The NRF Big Show in New York City debuted a host of cashierless checkout technologies hoping to capitalize on the interest generated by Amazon Go.
January 21, 2019 by Elliot Maras — Editor, Kiosk Marketplace & Vending Times
The race is on to make unattended shopping for everyday convenience products a reality. During last week's NRF Big Show in New York City, numerous cashierless store solutions were on display, hoping to capitalize on the interest Amazon created when it introduced its Amazon Go in late 2016.
When Amazon Go debuted, the concept of a cashierless store became a conceivable convenience for many.

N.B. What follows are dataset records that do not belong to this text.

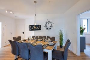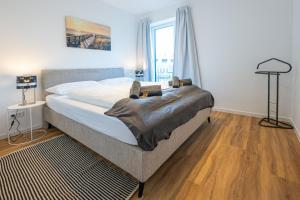 Apartmán Captains Nest - Modernes, zentrales Apartment mit Garage von STAY YOUR WAY poskytuje 3 ložnice, 2 koupelny, ložní prádlo, ručníky, satelitní TV s plochou obrazovkou, jídelní kout a plně vybavenou kuchyň. Z balkonu ubytování ubytování se nabízí výhled na město. V koupelně ubytování Captains Nest - Modernes, zentrales Apartment mit Garage von STAY YOUR WAY nechybí sprcha ani fén.
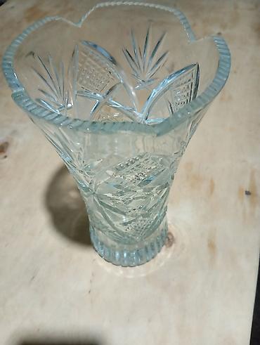 - Kəsimli naxışlı şüşə vaza: Ağız hissəsi lalə formalı dalğalı kənarla, bədəndə klassik kəsmə ornamentlər (romb və bitki motivləri). Orta ölçülü buketlər üçün uyğundur, masaüstündə dekor kimi gözəldir.
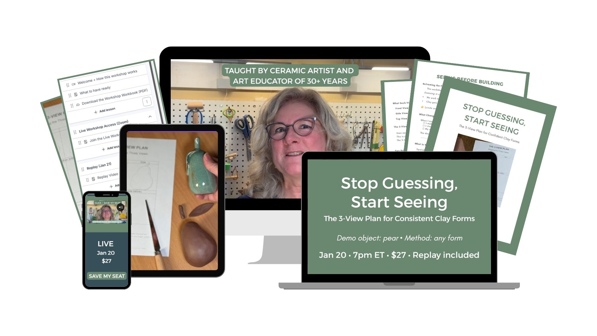 I’m Jacquie Blondin—ceramic artist and educator with 30+ years of teaching experience and a studio practice rooted in hand building and sculptural form. I've taught 4,250+ people through classes and presentations. My approach is practical and repeatable—so you can stop guessing and build with more confidence. In this workshop, I'll show you the 3-View Plan (Front/Side/Top) so you can map proportions before you build—and apply it to any form.
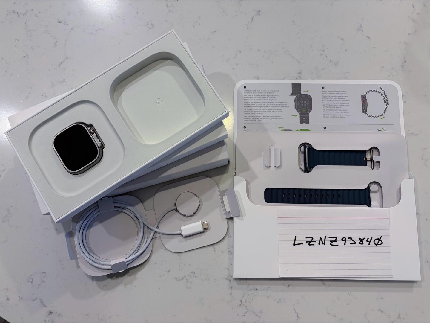 Comes with original packaging and charger, along with a handful of aftermarket watch bands I picked up.

While the e-commerce giant did not create the world's first unattended convenience store, it did offer one of the most technologically advanced such stores, and at a time when the general public had become more comfortable with self-service technology.

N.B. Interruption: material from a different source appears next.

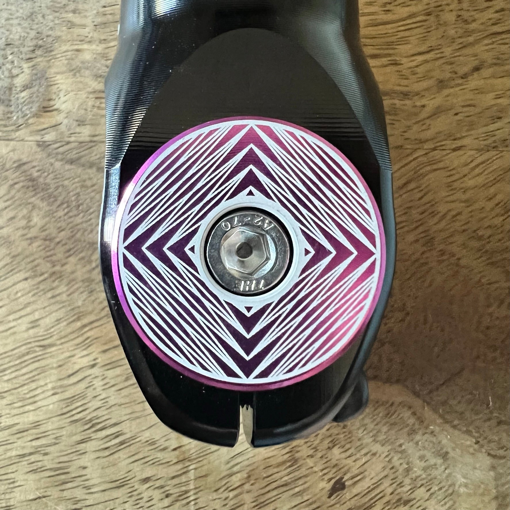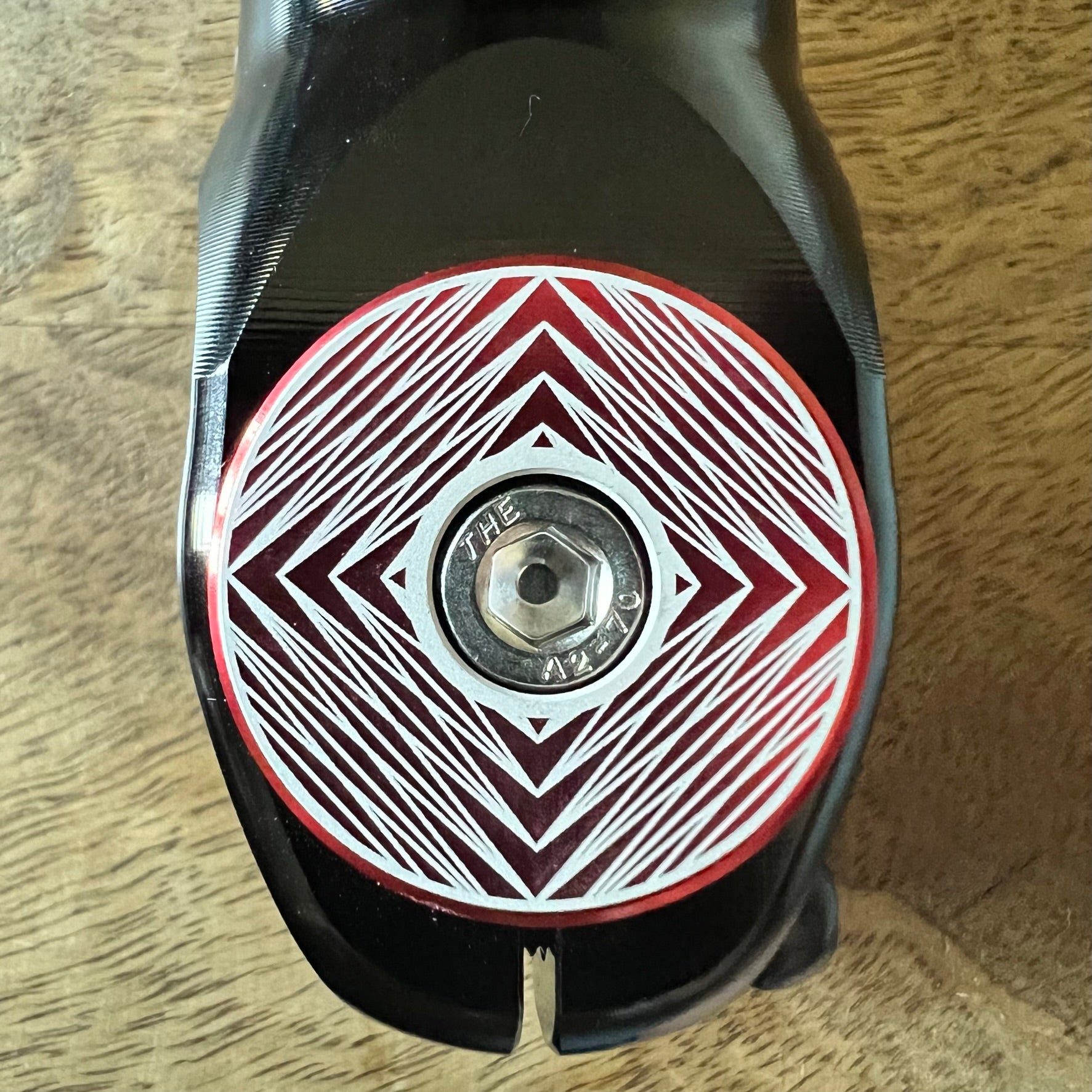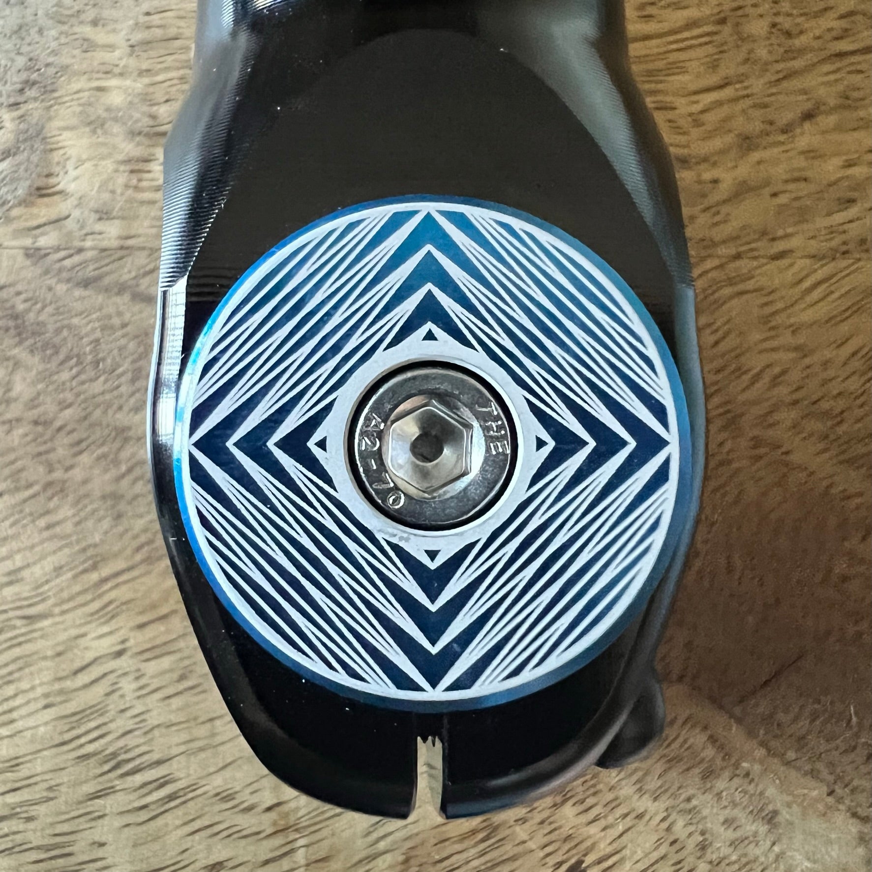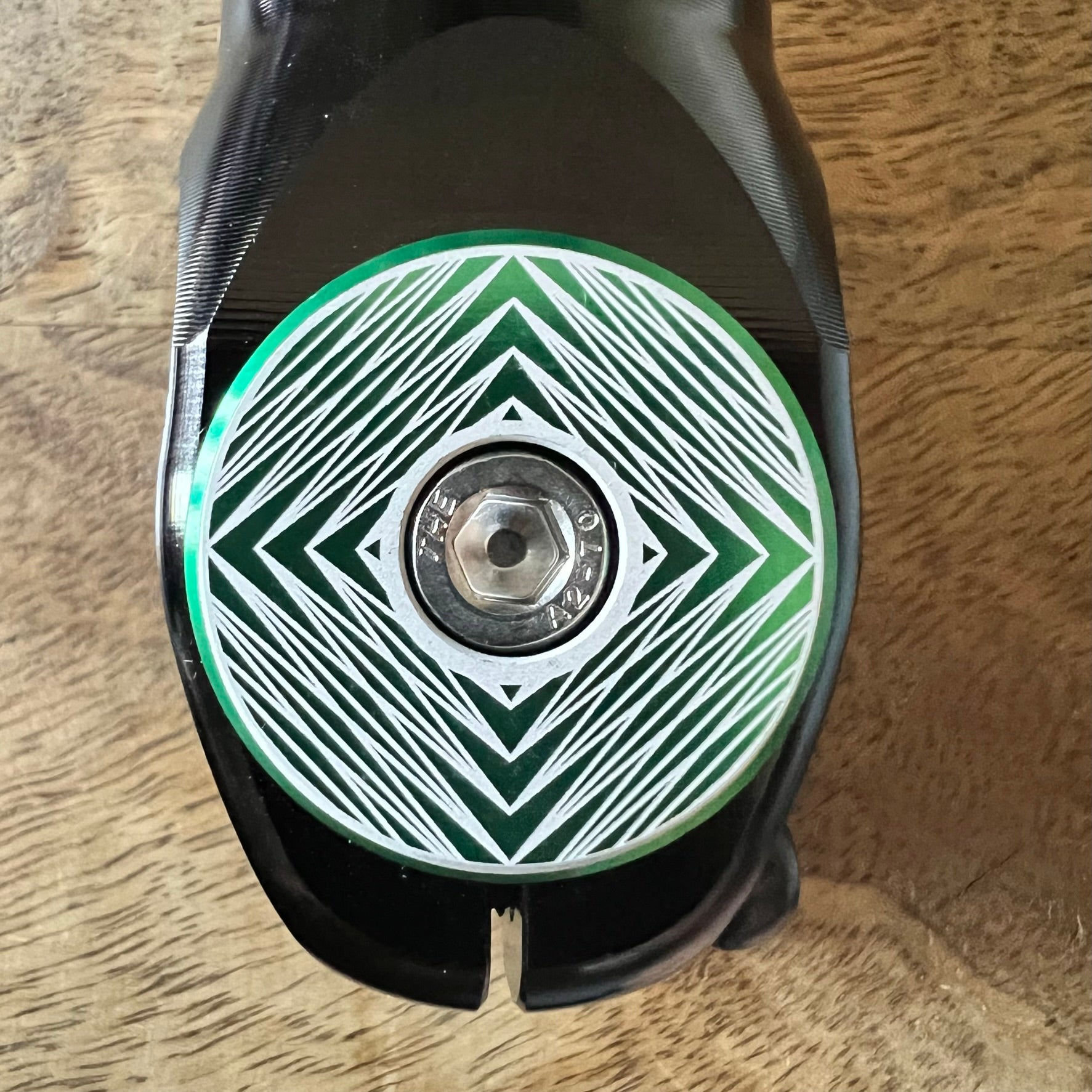 Whoa!! What’s going on? Are you spinning or is the screen moving? Wild like your style. This top cap will stand out on any bike and keep the attention.

During the Big Show at the Javits Center, five young technology entrepreneurs took turns pitching their cashierless shopping solutions to an attentive audience in a session, "From checkout free to self-checkout — what you need to know about the latest convenience-based payment technologies." All five concepts featured camera vision technology, and all presenters claimed to offer a more cost-effective alternative to Amazon Go.
Some of the solutions presented included prefabricated physical stores, while others consisted of technology to be used in existing stores.
Steve Gu, co-founder and CEO of AiFi, presented his NanoStore, a fully assembled, automated store powered by artificial intelligence. Unlike Amazon Go, which is built from the ground up, the NanoStore can be moved from one location to another, Gu said. The store has payment kiosks inside that allow automated payment, and uses AI algorithms for real-time customer tracking and product recognition. Receipts are generated in near real time, and the entire shopping journey can be completed in seconds.
The initial investment can be recovered in less than a year, Gu said.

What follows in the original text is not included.